Hartwell Racial Composition
| Race | Num. | Perc. |
|---|---|---|
| White | 2,568 | 57.45% |
| Black or African American | 1,526 | 34.14% |
| Native American | 5 | 0.11% |
| Asian | 68 | 1.52% |
| Other/Mixed | 177 | 3.96% |
| Hispanic or Latino | 126 | 2.82% |

===2010 census===
As of the census of 2010, there were 4,469 people. There were 2,266 housing units. The racial makeup of the city was 61.33% White, 34.53% African American, 0.13% Native American, 0.62% Asian, 0% Pacific Islander, 0.33% from other races, and 1.77% from two or more races. Hispanic or Latino of any race were 3.07% of the population.

===Income and poverty===
The median income for a household in the city was $29,128 and the median income for a family was $45,909. The per capita income for the city was $18,937. About 15.4% of families and 23.1% of the population were below the poverty line, including 21.5% of those under age 18 and 20.6% of those age 65 or over.
==Education==
===Hart County School District===
The Hart County School District holds pre-school to grade twelve, and consists of three elementary schools, a middle school, a high school, and an academy school. The district has 230 full-time teachers and over 3,564 students.
- Hartwell Elementary School
- North Hart Elementary School
- South Hart Elementary School
- Hart County Middle School
- Hart County High School
- Hart County Academy

===Hart County Public Library===
The Hart County Public Library was begun in 1938 with rooms over Homer Herndon's drug store, then moved to the County Courthouse in 1941 until 1968 when the courthouse burned down. It was then located in the County School Board building until funds were raised for a permanent building in 1975.

==Controversy==
The Hartwell Police Department was mentioned during an August 2024 podcast interview by YouTuber DG Hamblin with a former Hartwell Police Officer who discussed supervisors' contact with the controversial Poulan Police Department Police Chief, as well as supervisors' apparent lack of knowledge of lawful policing procedures, to include several falsehoods in police documentation that was showcased in a redacted documents release.
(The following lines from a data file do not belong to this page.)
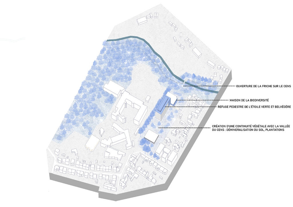 Le 2ème axe d’hypothèse programmatique concerne la revalorisation de la vallée du Cens par la réouverture de la friche vers la vallée. D’après nous la connexion entre la friche et la vallée du Cens permettrait le développement d’un 3ème degré d’hospitalité au-delà du quartier, en lien avec l’accueil des randonneurs et le dispositif de l’Étoile verte.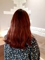 ブリーチを何回もされている方なので、薬剤除去とトリートメントはいつもされています。オンカラーできれいなレッドオレンジが出ています。手触り感はサラサラです。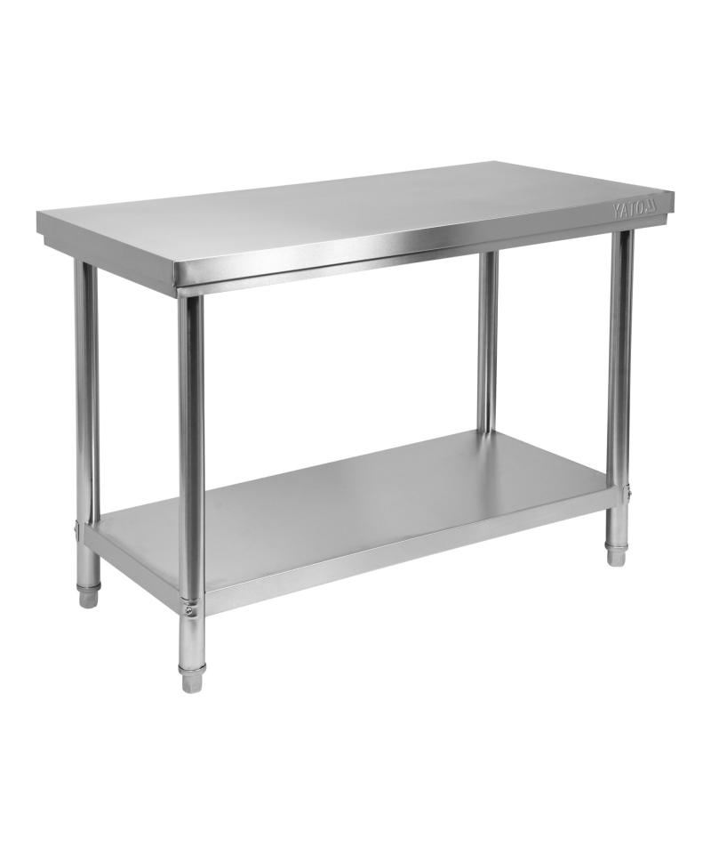 Discover the functionality and durability of the **YATO** central screw-assembled table with a shelf, ideal for professional kitchens. Its optimal dimensions of **1000 x 600 x 850 **mm (width, depth, height) ensure comfortable work.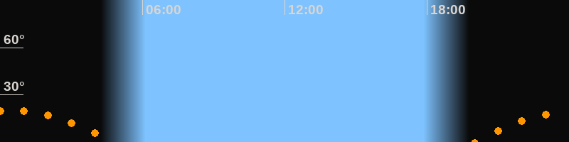 | Untergang | 04:49 Uhr im Südwesten (αAz = 239,4°) |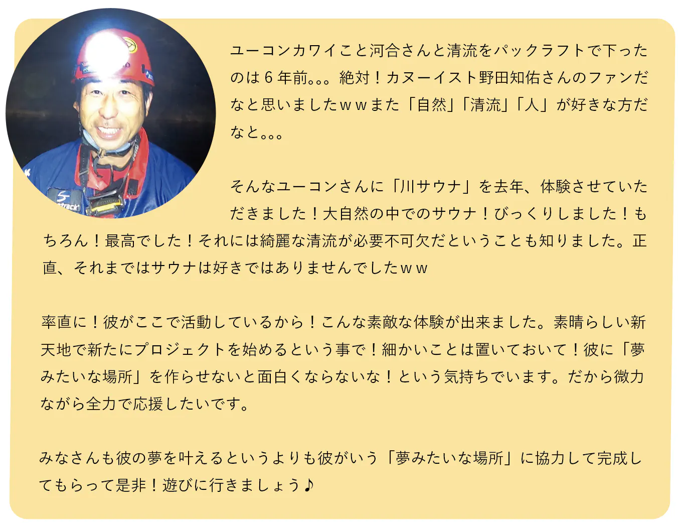 その奇跡のような場所に巡り会えたことで、今ではあの挫折にすら感謝をしています。そして、気持ちも新たに、「この神秘の川に失礼のない最高の場所を作っていこう!」「救ってくれた地域に恩返しをしていこう!!」「サウナーの課題と地域の課題を解決する、素敵な村を作っていこう!!!」と決意を新たにしたのです。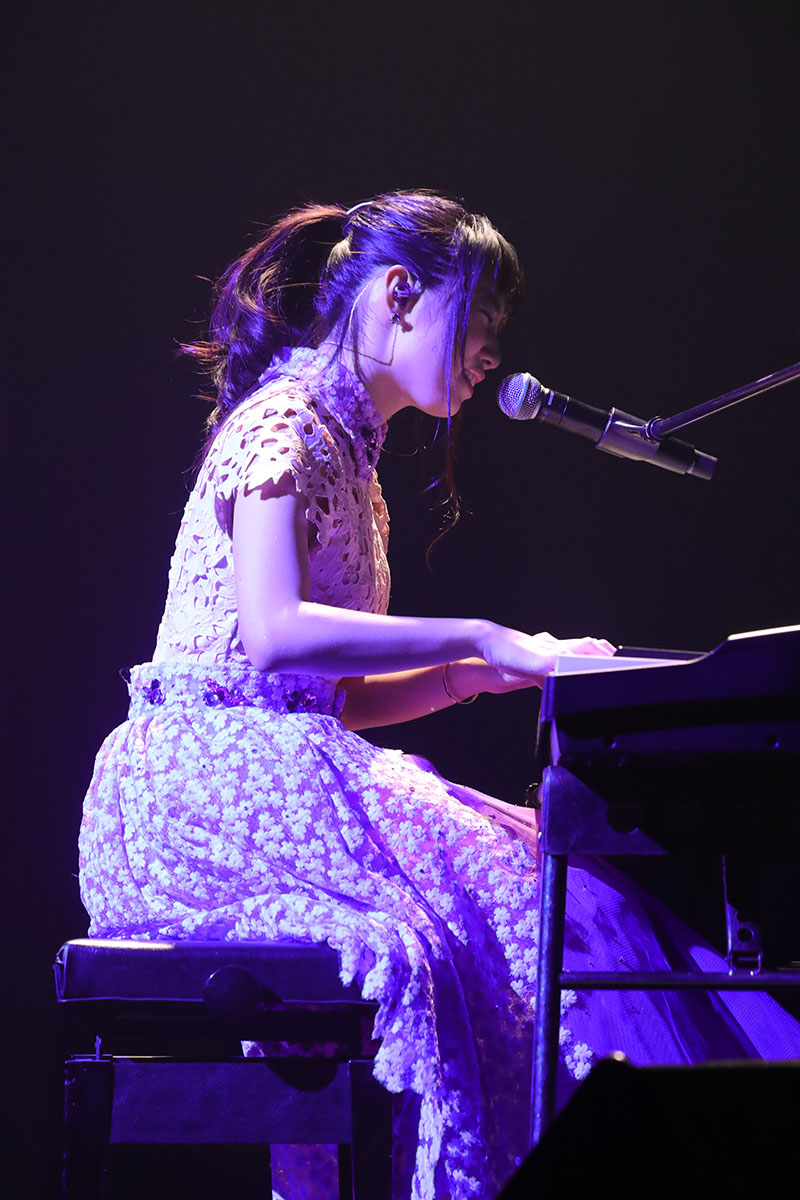 母親への感謝を歌った『おはよう』では、「大切な人へ歌で感謝の想いを伝えたいと思います」と、しっとり始めると、序盤にこみ上げてきた涙で歌えなくなる場面も。ファンの声援を受け、声を詰まらせながらもピアノと息を合わせ、最後まで歌い上げた。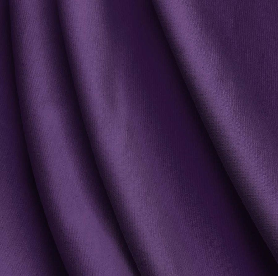 La tela base es el Punto Roma Elástico - Lyon, una tela de punto compuesta por 97% poliéster y 3% elastano, con un gramaje de 282 gr/m2 y ancho de 150 cm. Su color liso impreso es un tono morado oscuro, cuyos valores de CMYK son 83 100 28 17. Este color simboliza la fuerza y la elegancia, y puede combinar especialmente bien con tonos tierra y colores cálidos.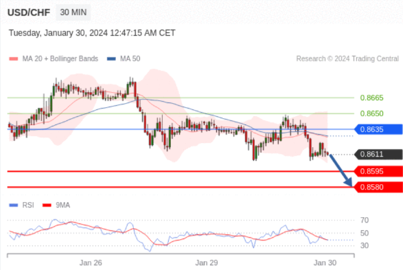 在 0.8635 之下,看跌,目标价位为 0.8595 ,然后为 0.8580 。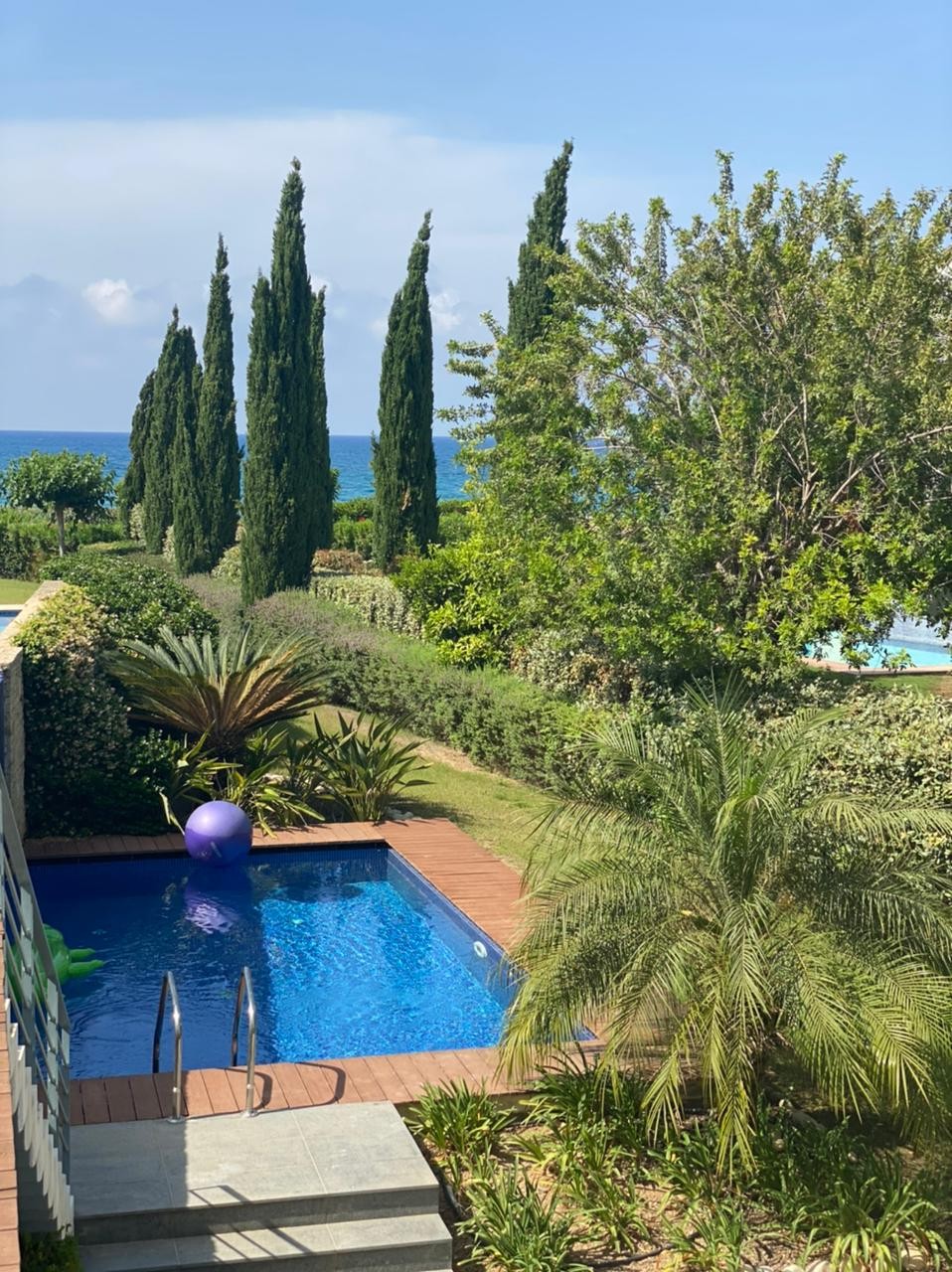 The house is approached up a short staircase from the private parking place, equipped with electric roller doors, and through the beautifully laid out gardens with mature trees and flowering shrubs. Downstairs is a large and airy sitting area, two double bedrooms with two bathrooms and a storage room. The first floor offers beautiful and spacious living area, kitchen is partially screened from the living room and with its granite work tops and built in appliances has a modern and trendy look and feel and there is plenty of space for a dining table as well. There are 3 double bedrooms as well with fitted wardrobes and en suite shower or bathrooms. Lift or Stairs will lead you to the second floor, where you will find one extra size master bedroom with Jacuzzi facilities and patio doors leading to a large veranda with amazing sea views.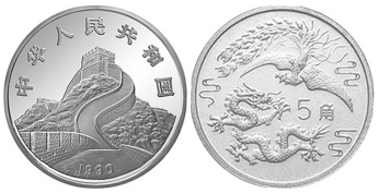 1990版龙凤金银纪念币正面图案均为长城,并刊国名和发行年号;背面图案均为龙凤吉祥图,并刊有面额,其中有5枚纪念币刊有成色和对应的重量。该套纪念币设计精美,具有一定的文化艺术价值,在中国传统的吉祥图案中,龙凤是典型的一种。龙凤文化不但深植于中华民族的血脉,而且历史悠久。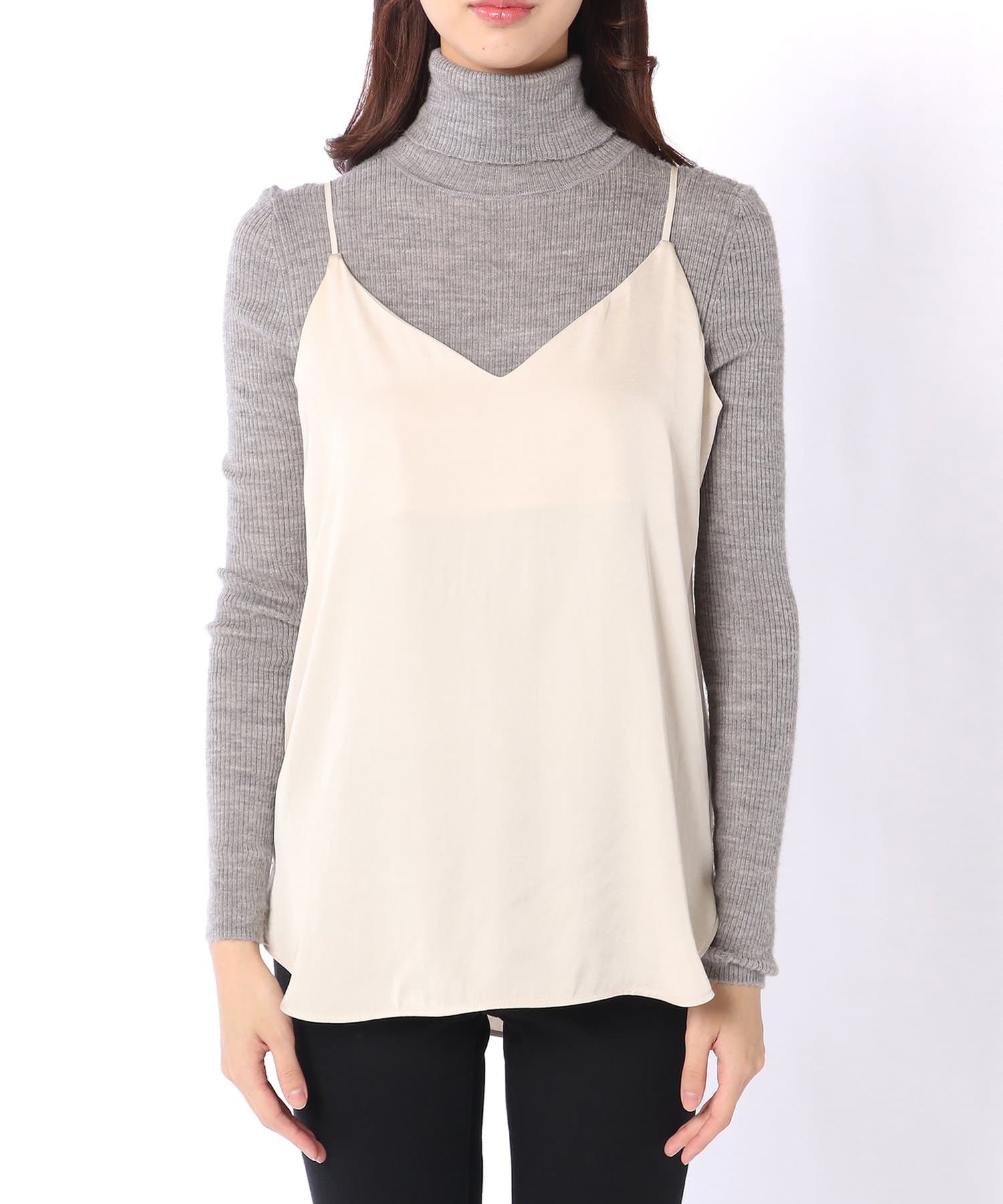 インナー使いに欠かせないキャミソール。程よい光沢で女性らしさを演出してくれます。調節も出来るので1枚着としても着用して頂けます。

DG Hamblin posted both the interview and the redacted documents on his YouTube Channel, The DG Hamblin Show.

==Notable people==

- Donald Burdick – retired Army major general and director of the Army National Guard.
- Jerry C. Davis (born 1943) – controversial longtime president of College of the Ozarks
- Blind Simmie Dooley (1881–1967) – country and blues singer.
- Mike Hubbard – Former Speaker of the Alabama House of Representatives and convicted felon.
- Kaimon Rucker – Linebacker for the Baltimore Ravens.